Parsing (partially) non-uniform text blocks in Perl

Parsing (partially) non-uniform text blocks in Perl - regex

I have a file with a few blocks that look like this in a file (and in a variable, at this point in the program).
Vlan2 is up, line protocol is up
....
reliability 255/255, txload 1/255, rxload 1/255^M
....
Last clearing of "show interface" counters 49w5d
Input queue: 0/75/0/0 (size/max/drops/flushes); Total output drops: 0
....
L3 out Switched: ucast: 17925 pkt, 23810209 bytes mcast: 0 pkt, 0 bytes
33374 packets input, 13154058 bytes, 0 no buffer
Received 926 broadcasts (0 IP multicasts)
0 runts, 0 giants, 0 throttles
0 input errors, 0 CRC, 0 frame, 0 overrun, 0 ignored
3094286 packets output, 311981311 bytes, 0 underruns
0 output errors, 0 interface resets
0 output buffer failures, 0 output buffers swapped out
Here's a second block, to show you how the blocks can slightly vary:
port-channel86 is down (No operational members)
...
reliability 255/255, txload 1/255, rxload 1/255
...
Last clearing of "show interface" counters 31w2d
...
RX
147636 unicast packets 0 multicast packets 0 broadcast packets
84356 input packets 119954232 bytes
0 jumbo packets 0 storm suppression packets
0 runts 0 giants 0 CRC 0 no buffer
0 input error 0 short frame 0 overrun 0 underrun 0 ignored
0 watchdog 0 bad etype drop 0 bad proto drop 0 if down drop
0 input with dribble 0 input discard
0 Rx pause
TX
147636 unicast packets 0 multicast packets 0 broadcast packets
84356 output packets 119954232 bytes
0 jumbo packets
0 output error 0 collision 0 deferred 0 late collision
0 lost carrier 0 no carrier 0 babble 0 output discard
0 Tx pause
0 interface resets
I want to pick out certain data elements from each block, which may or may not exist in each block.
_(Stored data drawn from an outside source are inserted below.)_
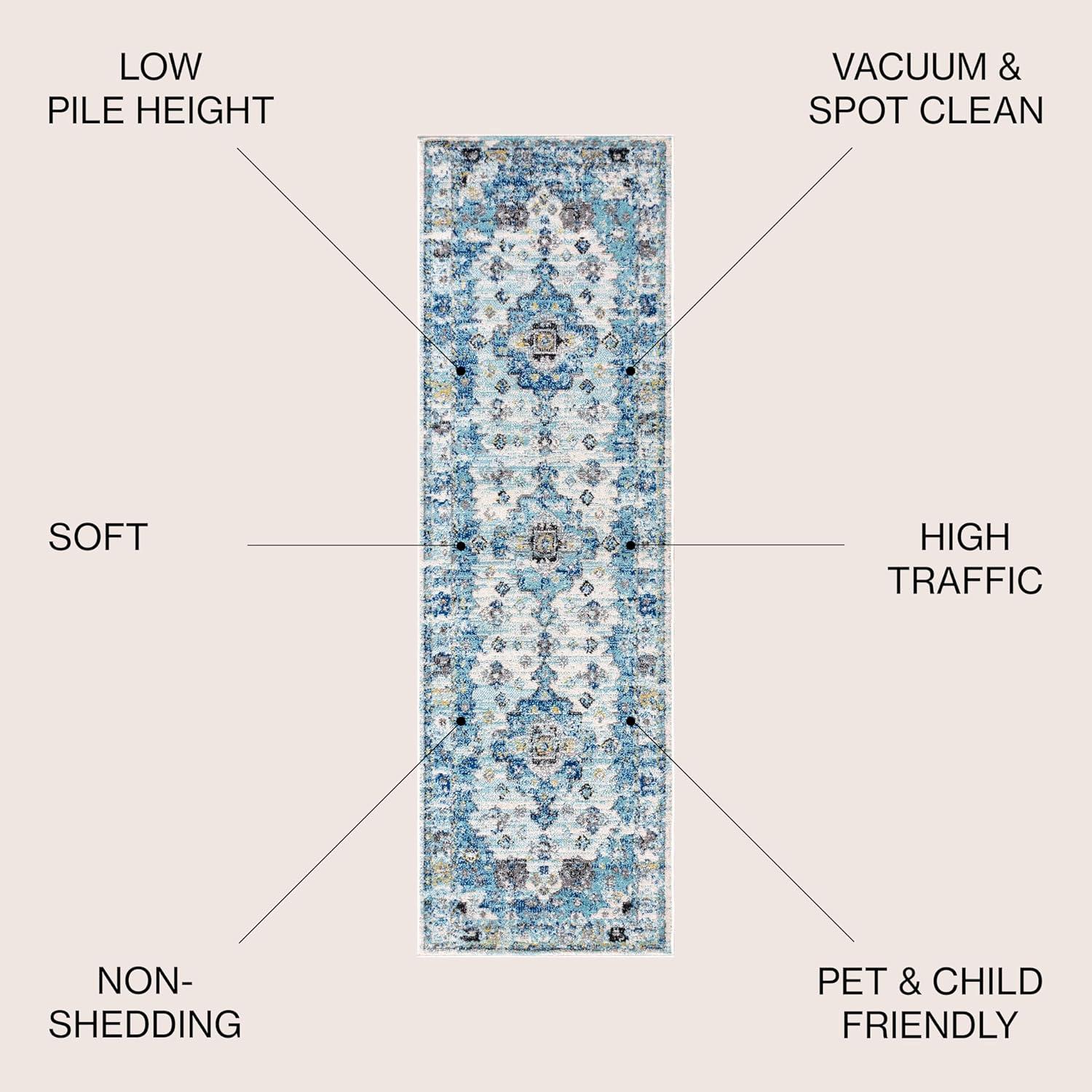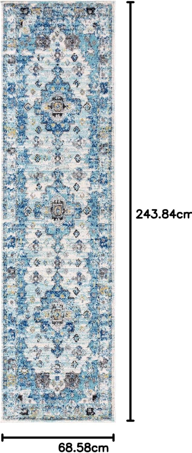 JONATHAN Y Modern Boho Vintage Medallion Cream/Blue Indoor Area Rug, 8×10, Bohemian, Traditional, Easy-Cleaning for Living Room, Bedroom, Kitchen, Pet Friendly, Non-Shedding (MDP202A-8)(2’3″ x 8′ (Runner))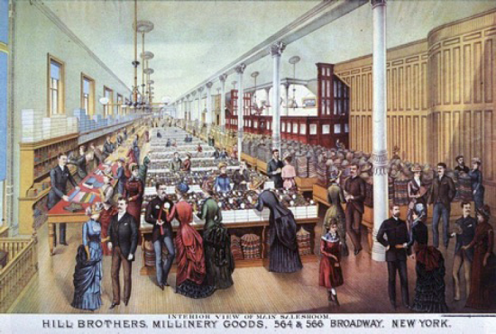 Nos Estados Unidos, o consumo de mercadorias logo fez parte do cotidiano de diferentes extratos sociais. As máquinas de costuras e os tamanhos padronizados deram origem a lojas de roupas prontas e aos catálogos de roupas que podiam ser encomendadas pelo correio e entregues até mesmo nos lugares mais difíceis. Na gravura acima, vemos uma loja em Nova York que pode ter sido bastante semelhante às primeiras lojas de departamento abertas nas décadas de 1850 e 1860. As principais mercadorias vendidas nesses locais eram panos, mas alguns itens do guarda-roupa feminino como meias, luvas, echarpes e xales já eram oferecidos às consumidoras.27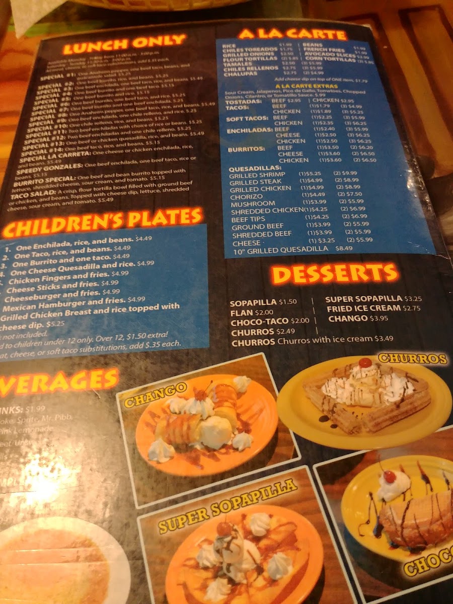 One Beef Burrito, One Chile Relleno, One Beef Or Chicken Quesadilla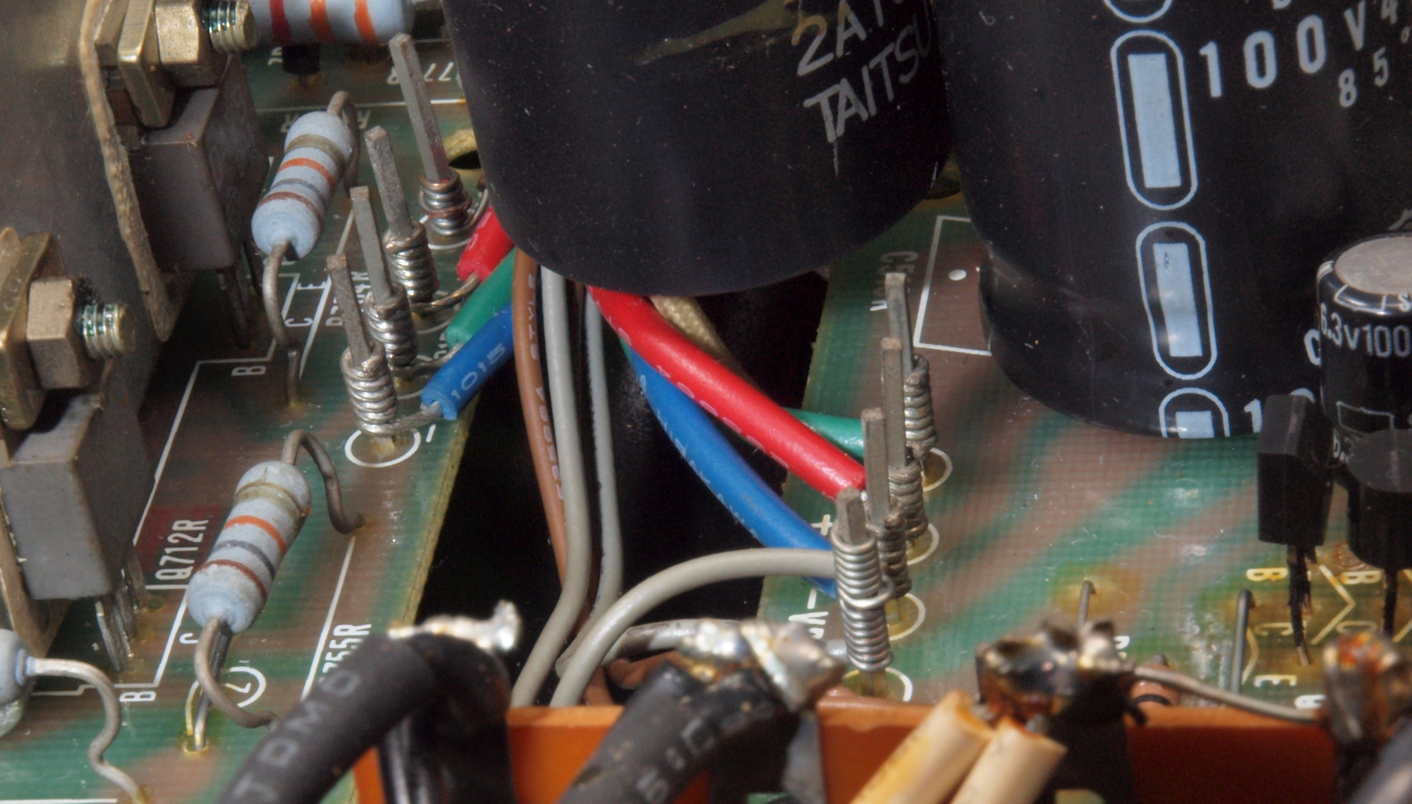 CC5. 修理前 R側ドライブ基板−電源基板へのラッピング線。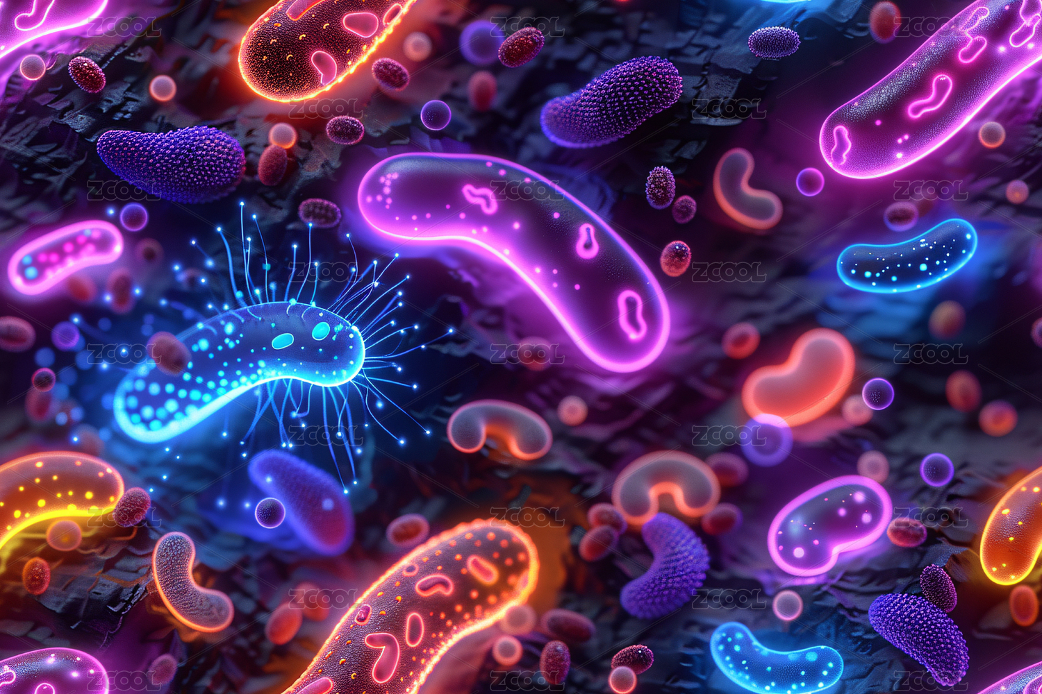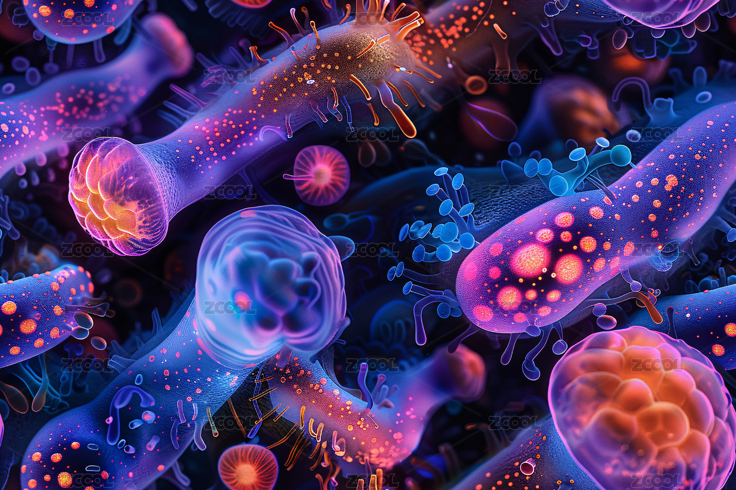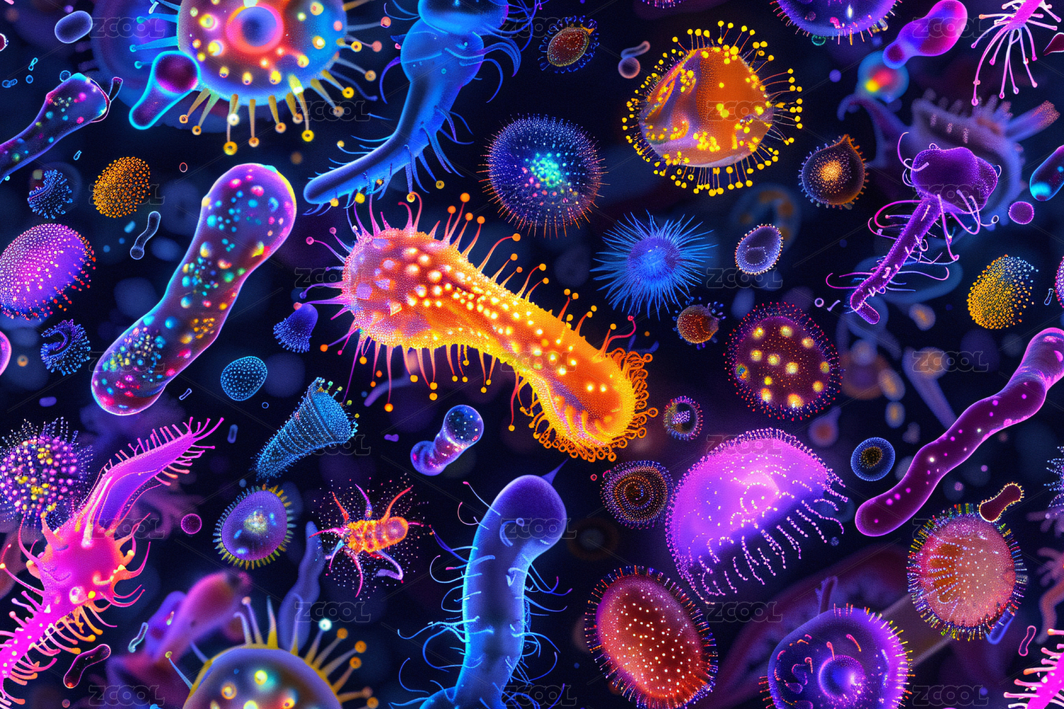 显微镜下细菌病毒特写海洋生物科学概念插图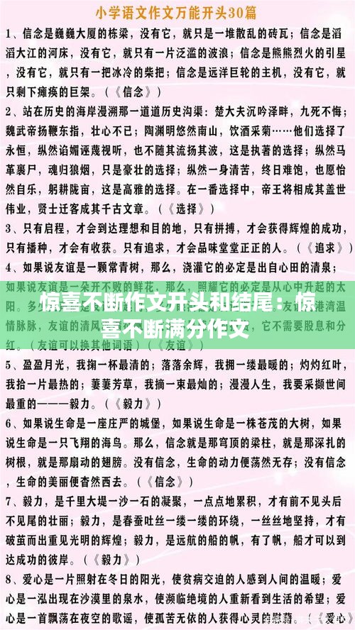 转载请注明来自大成醉串串企业,本文标题:《惊喜不断作文开头和结尾:惊喜不断满分作文 》

For example, in the first block I posted I may want to know that there are 0 runts, 0 input errors and 0 overrun. In the second block, I might want to know that there are 0 jumbo packets, collisions, etc. If a given query isn't in the block, it's acceptable to just return na, as this is designed to be processed uniformly.
Each block is structured in a similar way to the two I posted; newlines and spaces delimiting some entries, commas delimiting others.
I have a few ideas as to how this might work. I'm unaware if there is any kind of "look back" function in Perl, but I could attempt to look for the field names (runts, "input errors", etc) and then grab the previous integer; that seems like it would be the most elegant solution for this, but I'm unsure if it's possible.
Currently, I'm doing this in Perl. Each "block" that I'm processing is actually several of these blocks (separated by double newlines). It doesn't have to be done in a single regular expressions; I believe it can be done by applying several regular expressions per block. Performance is not really a factor, as this script will run maybe once per hour.
My goal is to get all of this into a .csv file (or some other data format that's easily graphable) in an automated fashion.
Any ideas?
Edit: example output in CSV as I mentioned, which would be written line by line (for multiple entries like this) to a file as the end result. If a particular entry isn't found in the block, it is marked na in the corresponding line:
interface_name,txload,rxload,last_clearing,input_queue,output_drops,runts,....
vlan2,1,1,49w5d,0-75-0-0,0,0,....
port-channel86,1,1,31w2d,na,na,0,...

Simple hash of properties and numbers.
sub extract {
my ($block) = #_;
my %r;
while ($block =~ /(?<num>\d+) \s (?<name>[A-Za-z\s]+)/gmsx) {
my $name = $+{name};
my $num = $+{num};
$name =~ s/\A \s+//msx;
$name =~ s/\s+ \z//msx;
$r{$name} = $num;
}
return %r;
}
my $block = <<'';
Vlan2 is up, line protocol is up
⋮
my $block2 = <<'';
port-channel86 is down (No operational members)
⋮
use Data::Dumper qw(Dumper);
print Dumper {extract $block};
print Dumper {extract $block2};

I don't think a single regex could do it, nor would I want to support it if it could.
Using multiple regexes, you could easily use something like:
(\d+) runts
(\d+) input errors
...etc...
A simple array of property names and a loop could solve this pretty quickly and with very little fuss.
If you can strip down the input to smaller chunks with some preprocessing, you would be less likely to get false positives.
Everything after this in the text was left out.